Transmural Extent in Relation to Clinical Scoring in Non-ST Elevation Myocardial Infarction Patients: Speckle-Tracking Echocardiographic Study.

Autor: Radwan HI; Department of Cardiovascular, Faculty of Medicine, Zagazig University, Zagazig, Egypt., Hussein EM; Department of Cardiovascular, Faculty of Medicine, Zagazig University, Zagazig, Egypt., Shaker A; Department of Cardiovascular, Faculty of Medicine, Zagazig University, Zagazig, Egypt.
Jazyk: angličtina
Zdroj: Journal of cardiovascular echography [J Cardiovasc Echogr] 2019 Oct-Dec; Vol. 29 (4), pp. 156-164.
DOI: 10.4103/jcecho.jcecho_54_19
Abstrakt: Background: To assess the extent of transmurality in non-ST elevation myocardial infarction (NSTEMI) patients using speckle-tracking echocardiography (STE) in relation to their risk categorization to improve the risk stratification of NSTEMI patients through detecting the presence of transmural infarction.
Patients and Methods: It included 96 patients with NSTEMI. All patients were subjected to GRACE score (GS) calculation, transthoracic and speckle-tracking echocardiography (STE): To detect left ventricular ejection fraction and myocardial global longitudinal strain [GLS] and circumferential strain [CS].

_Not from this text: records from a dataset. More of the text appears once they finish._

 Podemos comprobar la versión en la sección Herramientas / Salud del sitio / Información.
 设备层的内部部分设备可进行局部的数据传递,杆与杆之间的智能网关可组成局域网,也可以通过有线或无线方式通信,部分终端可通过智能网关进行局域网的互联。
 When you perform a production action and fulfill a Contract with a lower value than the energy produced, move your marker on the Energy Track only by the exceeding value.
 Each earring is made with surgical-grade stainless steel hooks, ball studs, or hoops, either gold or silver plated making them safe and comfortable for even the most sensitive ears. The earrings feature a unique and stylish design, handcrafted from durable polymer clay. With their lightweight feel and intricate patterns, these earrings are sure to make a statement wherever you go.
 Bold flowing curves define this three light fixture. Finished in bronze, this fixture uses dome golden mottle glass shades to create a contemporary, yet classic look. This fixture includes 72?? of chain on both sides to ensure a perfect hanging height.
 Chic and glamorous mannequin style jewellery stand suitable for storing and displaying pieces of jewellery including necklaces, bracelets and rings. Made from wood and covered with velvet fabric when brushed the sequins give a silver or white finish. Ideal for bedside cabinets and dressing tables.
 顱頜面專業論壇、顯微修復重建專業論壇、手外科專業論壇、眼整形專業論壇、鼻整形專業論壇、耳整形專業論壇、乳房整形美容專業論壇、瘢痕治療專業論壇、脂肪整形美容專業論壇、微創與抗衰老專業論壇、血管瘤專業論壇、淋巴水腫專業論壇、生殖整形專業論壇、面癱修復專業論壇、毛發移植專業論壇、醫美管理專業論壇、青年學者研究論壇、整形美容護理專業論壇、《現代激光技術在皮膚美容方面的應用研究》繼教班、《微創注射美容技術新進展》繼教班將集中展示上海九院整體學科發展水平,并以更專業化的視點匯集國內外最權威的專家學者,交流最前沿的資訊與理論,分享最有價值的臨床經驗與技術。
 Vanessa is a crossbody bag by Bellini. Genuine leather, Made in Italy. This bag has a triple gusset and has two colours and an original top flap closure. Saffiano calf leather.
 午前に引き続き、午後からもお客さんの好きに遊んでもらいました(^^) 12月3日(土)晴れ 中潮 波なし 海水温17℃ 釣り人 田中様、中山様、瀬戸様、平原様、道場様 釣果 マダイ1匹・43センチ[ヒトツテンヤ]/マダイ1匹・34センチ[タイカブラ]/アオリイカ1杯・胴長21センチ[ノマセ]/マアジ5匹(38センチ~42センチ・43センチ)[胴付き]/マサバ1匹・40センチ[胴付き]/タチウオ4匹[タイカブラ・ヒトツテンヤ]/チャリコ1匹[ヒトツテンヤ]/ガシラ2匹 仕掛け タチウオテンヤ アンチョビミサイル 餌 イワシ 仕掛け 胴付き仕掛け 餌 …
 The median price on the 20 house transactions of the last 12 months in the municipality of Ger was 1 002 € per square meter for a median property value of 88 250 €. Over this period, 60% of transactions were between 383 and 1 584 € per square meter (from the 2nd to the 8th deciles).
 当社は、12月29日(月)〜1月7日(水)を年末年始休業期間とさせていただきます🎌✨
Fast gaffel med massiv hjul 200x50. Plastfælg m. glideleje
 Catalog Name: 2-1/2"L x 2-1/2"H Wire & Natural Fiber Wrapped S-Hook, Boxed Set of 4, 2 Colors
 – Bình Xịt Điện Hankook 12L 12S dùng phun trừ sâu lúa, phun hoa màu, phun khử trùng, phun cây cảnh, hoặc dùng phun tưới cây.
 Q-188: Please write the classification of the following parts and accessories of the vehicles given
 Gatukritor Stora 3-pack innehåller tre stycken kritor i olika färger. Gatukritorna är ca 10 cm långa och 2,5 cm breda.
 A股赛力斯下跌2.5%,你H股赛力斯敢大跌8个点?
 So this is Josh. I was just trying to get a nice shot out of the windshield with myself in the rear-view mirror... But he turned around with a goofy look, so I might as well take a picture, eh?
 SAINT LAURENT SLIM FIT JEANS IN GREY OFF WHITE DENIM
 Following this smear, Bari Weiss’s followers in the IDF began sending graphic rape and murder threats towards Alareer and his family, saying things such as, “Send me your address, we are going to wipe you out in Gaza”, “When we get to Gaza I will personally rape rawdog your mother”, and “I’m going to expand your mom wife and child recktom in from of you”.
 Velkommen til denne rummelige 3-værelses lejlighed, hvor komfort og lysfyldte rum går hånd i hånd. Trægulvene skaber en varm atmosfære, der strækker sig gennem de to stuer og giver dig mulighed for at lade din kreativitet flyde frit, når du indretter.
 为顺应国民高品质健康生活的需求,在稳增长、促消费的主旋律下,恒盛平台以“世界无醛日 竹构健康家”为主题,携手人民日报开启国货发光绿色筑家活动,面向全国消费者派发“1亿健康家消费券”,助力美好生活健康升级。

Results: As compared to low-GS group; high-risk group was older with the increased prevalence of hypertension (HTN), diabetes, and smoking. There was no significant difference between both groups regarding LS and CS of all 17 segments except for apex where longitudinal strain (LS) was significantly decreased in low-risk group (-17.2 ± 1.1) as compared to high-risk group (-18.6 ± 1.4). GLS was significantly decreased in high-risk group (15.4 ± 0.6) as compared to low-risk group (16 ± 0.8), P = 0.02 with no significant difference in the global CS ( P = 0.8). Transmural infarction constitutes 37.5% of all patients. The prevalence of transmural infarction was increased in the low-risk group without significant difference. GS showed a positive correlation with age, male, HTN, diabetes, and smoking and negative correlation with GLS. There was no significant correlation between GS and global CS. Age, GS, and LS were significantly related to transmural infarction. None was found to predict the occurrence of transmural infarction.
Conclusion: Transmural extent as detected by STE had been found in a relatively substantial number of patients with NSTEMI, and it may serve as a tool in conjunction with risk stratification scores for the selection of high-risk patients.
Competing Interests: There are no conflicts of interest.